Need advice about which tool to choose?Ask the StackShare community!

Druid

381
867
+ 1
32
Oracle

2.3K
1.8K
+ 1
113
Add tool

Druid vs Oracle: What are the differences?

Introduction

In this markdown, we will be discussing the key differences between Druid and Oracle.

  1. Data Model: Druid is a columnar data store that is optimized for time-series data and provides fast aggregations. It uses a denormalized, column-oriented storage format and requires pre-aggregated data ingestion. On the other hand, Oracle is a relational database management system (RDBMS) that follows a row-oriented approach. It supports complex data models with support for joins, constraints, and normalization.

  2. Scalability: Druid is designed to scale horizontally by adding more nodes to the cluster, allowing for high volume and high-speed data ingestion. It can handle large amounts of data and supports real-time data ingestion. Oracle, on the other hand, can also scale horizontally but requires additional configuration and management. It is better suited for traditional transactional workloads.
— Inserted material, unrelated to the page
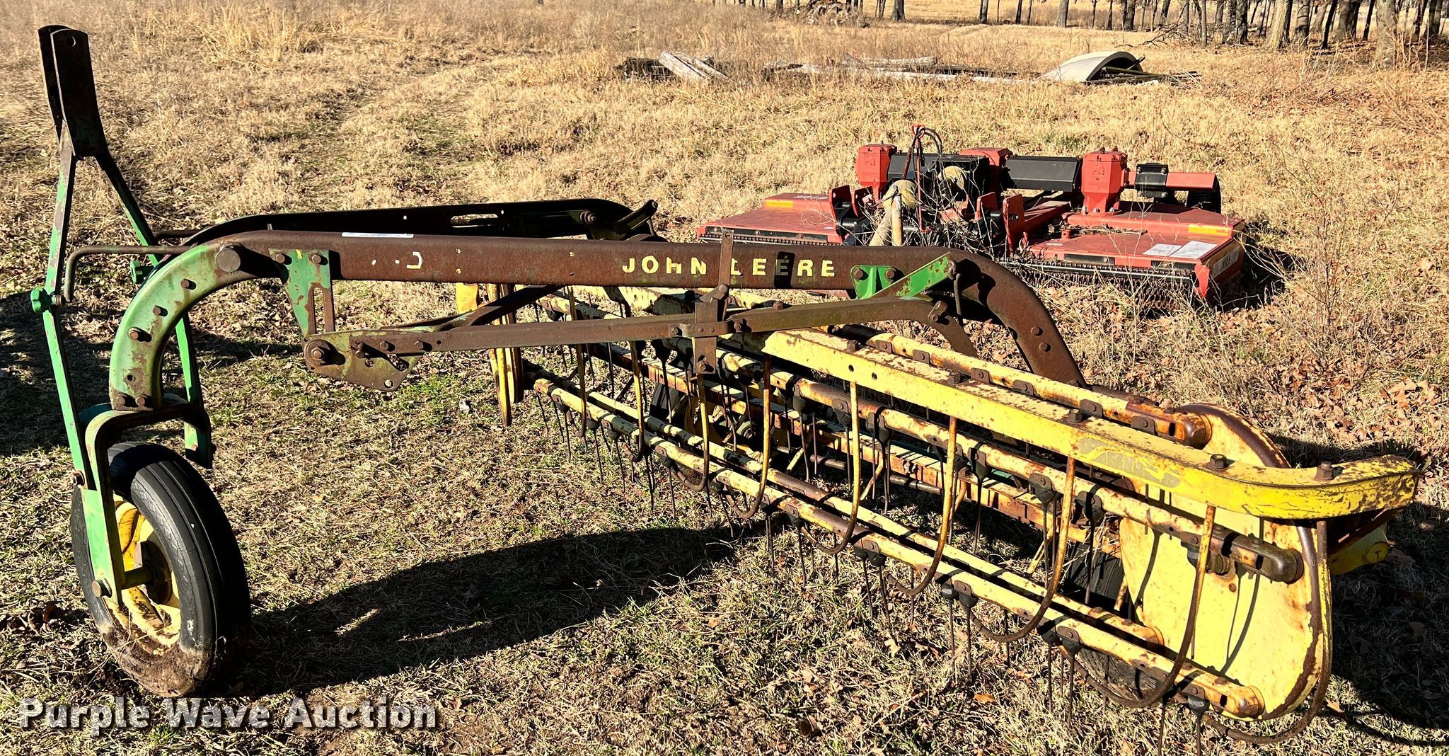 Purple Wave is selling a used Hay Rake in Oklahoma. This item is a John Deere 640 hay rake with the following: Serial: 246980E

  3. Processing Speed: Druid is built to provide near real-time analytics and fast query response times. Its architecture and indexing structure enable quick aggregations on large volumes of data. Oracle, while capable of handling analytical workloads, may not provide the same level of performance as Druid for large-scale data analytics.

  4. Query Language: Druid uses a SQL-like query language called Druid Query Language (DQL), which is specifically designed for time-series data. It provides functions for aggregations, filtering, and advanced analytics. Oracle, on the other hand, supports SQL, PL/SQL, and other procedural languages. It provides a broader range of features for complex queries and supports a wide range of data types.

  5. Data Consistency: Druid offers eventual consistency for queries, which means that the data may not always reflect real-time updates immediately. This is because Druid is optimized for speed rather than strict consistency. Oracle, being a traditional RDBMS, provides strong consistency guarantees by enforcing ACID properties for transactions.

  6. Cost: Druid is an open-source project and is available for free. Its underlying infrastructure can be deployed on commodity hardware or cloud infrastructure, reducing the overall cost of ownership. Oracle, on the other hand, is a commercial product that comes with licensing costs. Additionally, the hardware requirements for running Oracle may be higher, resulting in higher infrastructure costs.

In Summary, Druid and Oracle differ in their data models, scalability, processing speed, query language, data consistency, and cost. While Druid excels in time-series data analytics and performance, Oracle provides a broader range of features for complex queries and supports strong consistency for transactions.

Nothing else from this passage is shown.